Inspired by teen activist Greta Thunberg, Jane Fonda is bringing her Fire Drill Fridays climate change protest from Washington to Los Angeles, two days before next Sunday’s Oscar ceremony.
To be sure, there is still a way to go. While celebrity gift bags this season include items like a “self-watering, self-fertilizing farmstand,” they also offer cruises on luxury yachts.
Last month, guests at the MusiCares gala dinner were served steak and chicken on the same plate. At the Critics’ Choice Awards in January, “The Marvelous Mrs. Maisel” actress Alex Borstein quipped that she planned to head to a steak house after the vegan dinner served.
‘NO HOLLYWOOD ON A DEAD PLANET’
Anti-climate change group Extinction Rebellion planned a protest at the famous Hollywood sign on the eve of the Academy Awards, aimed at persuading the entertainment industry to do more.
“Some stars of Hollywood are aware of the scale of the climate crisis, and some have started to take action. … But we do not believe that Hollywood as a whole has taken an acceptable stance on the climate crisis,” the group said in a statement announcing the protest.
“There is no Hollywood on a dead planet,” the group added.
Daniel Hinerfeld, director of content partnerships at the Natural Resources Defense Council, said the publicity around initiatives like vegan dinners “shows the power that Hollywood has to start conversations, to set trends, and to shift attitudes.”
He urged the industry to do more and to use its storytelling powers to highlight climate change.
“We need to see more film and TV that deals with all of the incredibly complicated, dramatic and potentially comedic aspects of climate change,” Hinerfeld said.
THE RISE OF SUSTAINABLE FASHION
Red carpet fashion is next to catch up, led by designers like Jean Paul Gaultier, who are inspiring change in the fashion world.

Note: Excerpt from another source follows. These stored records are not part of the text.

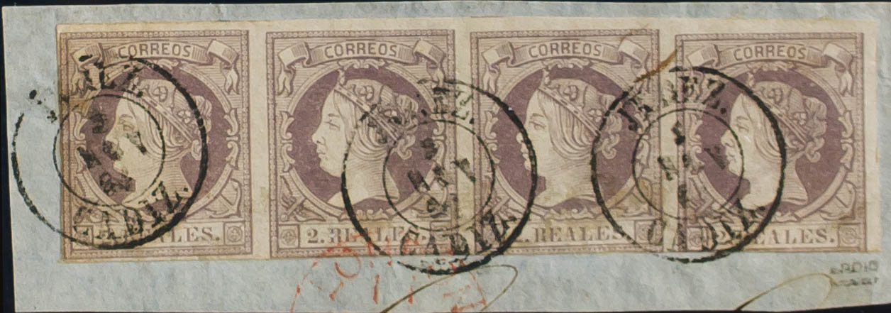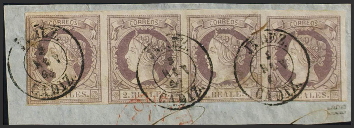 English △ 56(4). 1860. 2 lilac reales , strip of four, on fragment. Postmark JEREZ / CADIZ. MAGNIFICENT. Edifil 2014: +++95 Euros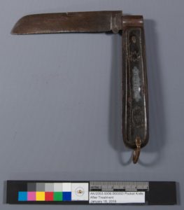 Conservator Paige Schmidt brought me a question about an object she was treating. She wanted to know whether the handle of this knife (see image below) was made from baleen. So I started the process of chemical analysis.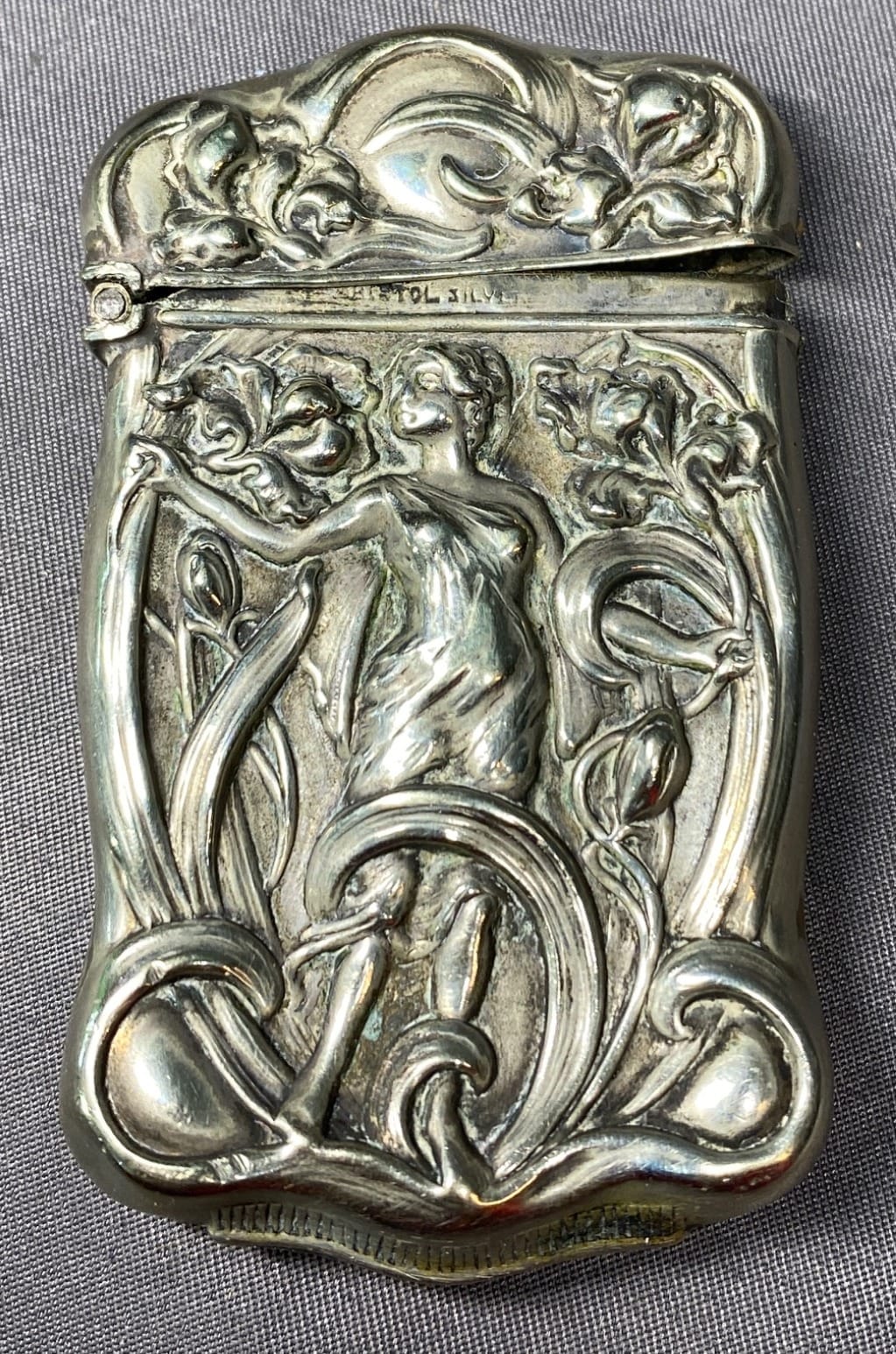 2168 Art Nouveau Sterling Silver Match Safe with Floral and Female Motif - total weight 26 grams

In January, Gaultier’s Paris retirement show featured upcycled haute couture, including skirts made out of silk ties.
Joaquin Phoenix, who has won a slew of awards this year, won kudos in January for his plans to stick with the same tuxedo throughout the season.
“He chooses to make choices for the future of the planet. He has also chosen to wear this same tux for the entire award season to reduce waste,” tweeted designer Stella McCartney, who provided the tux.
It is not yet certain whether other stars will follow suit, or choose recycled gowns for the world’s biggest red carpet at the Oscars.
Rising New York-based designer Daniel Silverstein, who creates clothing from remnants and scraps, says he has not so far had any red carpet approaches for his Zero Waste Daniel label. However, he plans to give A-listers the benefit of the doubt.
“People in Hollywood and the music industry are fanatical about using ethical beauty products. So I am sure there is a lot of sustainability under the surface that we don’t even realize,” he said.
“What I would hope to see more of is people with a platform using their opportunity to talk about their personal style and to change the conversation.”